What are the factors influencing bacteria shape and arrangement? ›

Specifically, cell shape is driven by eight general considerations: nutrient access, cell division and segregation, attachment to surfaces, passive dispersal, active motility, polar differentiation, the need to escape predators, and the advantages of cellular differentiation.

What are the types of bacteria based on arrangements? ›

Classification of Bacteria:
  • On the basis of arrangement and the number of flagella, the bacteria can be classified into four groups.
  • These are monotrichous , amphitrichous, lophotrichous, and peritrichous.
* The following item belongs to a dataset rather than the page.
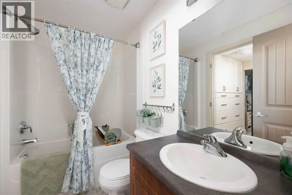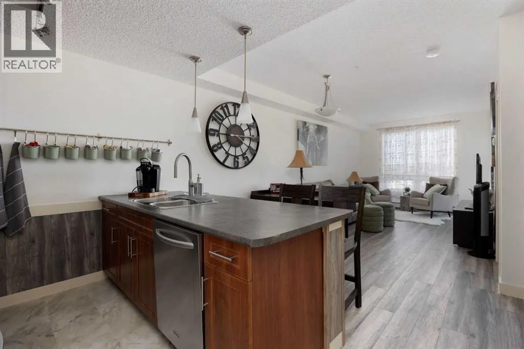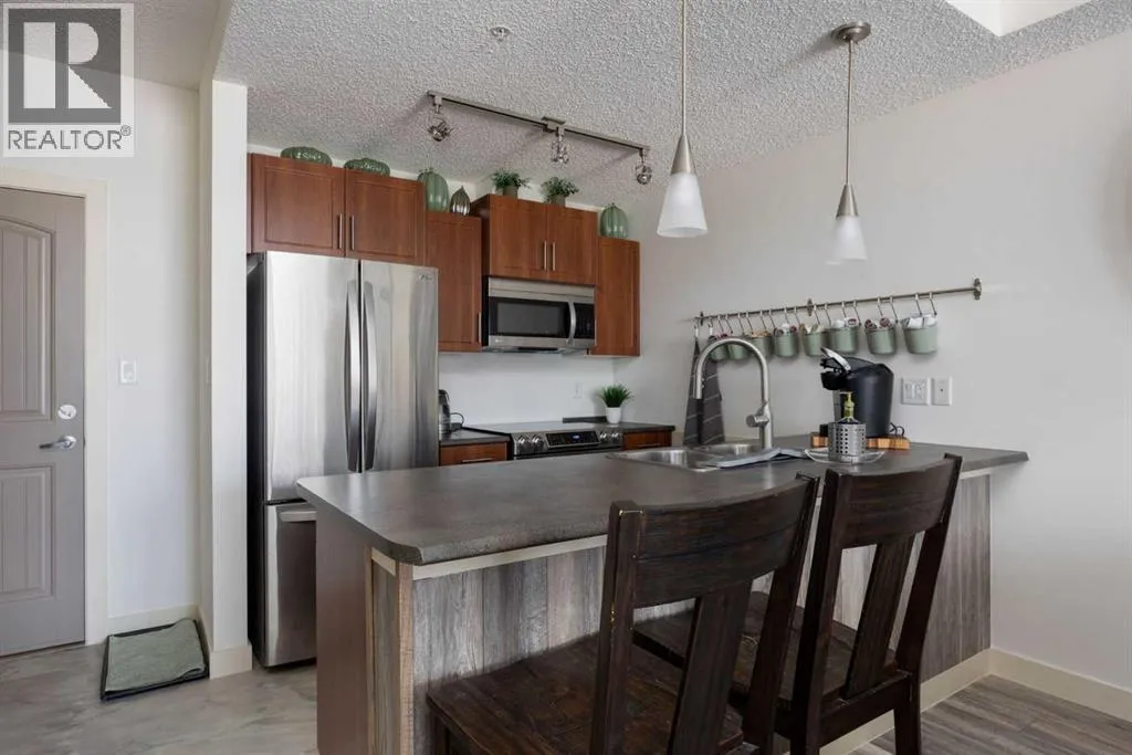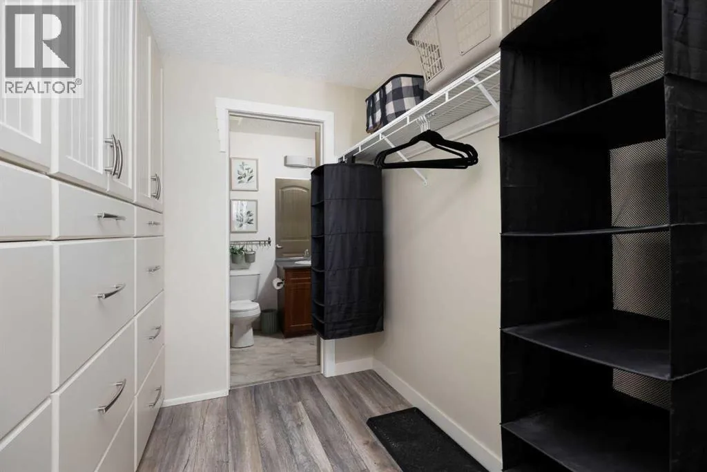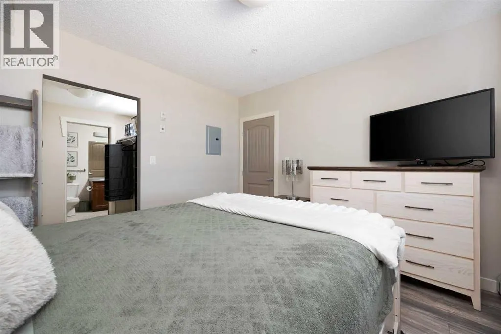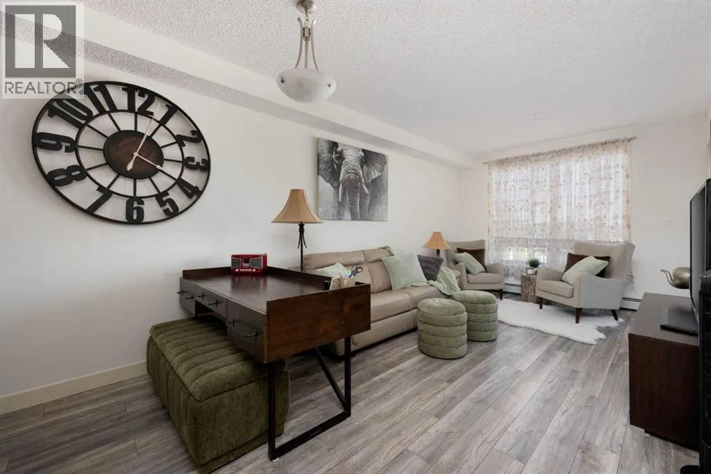 Step inside this Eagle Ridge gem and youâll instantly feel like youâve been dropped into the pages of a home design magazine. From the perfectly styled living room to the custom closet system that Marie Kondo would approve of; everything you see stays. Yes, that means itâs fully furnished and turn-key!!This freshly painted, one-bedroom condo has brand-new laminate and vinyl plank floors underfoot, stainless steel appliances (induction stove) in the kitchen, and a covered balcony thatâs just begging for sunrise coffees or northern-lights spotting. Northeast exposure keeps things bright without ever roasting you out in the summer months.Because the building is fully concrete, youâll appreciate just how quiet your new home is; ideal for commuters craving peace after a long shift, executives who donât want to hear a peep between Zoom calls, or first-time buyers who love stylish serenity. Investors, youâll love that itâs an instant turn-key rental.The primary bedroom is as cozy as it is practical, with a walk-through closet complete with custom organizers leading into the bathroom. And yes, thereâs even in-suite laundry; no more hauling baskets around.Outdoor enthusiasts can rejoice, youâre steps from the Birchwood Trails, a playground in the complex, and all the amenities Eagle Ridge is famous for (Restaurants, Bar, Movie Theatre, Bowling, and More!). Plus, the condo comes with a titled parking stall and a titled storage unit; bonus points for convenience.So whether youâre dreaming of a chic starter home, a low-maintenance commuter pad, or an income-ready investment, this unit delivers. Just bring yourself - everything else is already here waiting. (id:27476)

What is the size shape and arrangement of E coli? ›

The bacterium Escherichia coli is rod-shaped, and a unit cell keeps regular dimensions of about 1.5 µm long and 0.5 µm wide. The rod-shaped cell is composed of two parts: a cylinder in the center and caps at both ends.

What is the arrangement of bacilli? ›

Bacilli usually divide in the same plane and are solitary, but can combine to form diplobacilli, streptobacilli, and palisades. Diplobacilli: Two bacilli arranged side by side with each other. Streptobacilli: Bacilli arranged in chains. Coccobacillus: Oval and similar to coccus (circular shaped bacterium).

What is an example of a square shaped bacteria? ›

Haloquadratum (common abbreviation: Hqr.) is a genus of archaean, belonging to the family Haloferacaceae. The first species to be identified in this group, Haloquadratum walsbyi, is unusual in that its cells are shaped like square, flat boxes.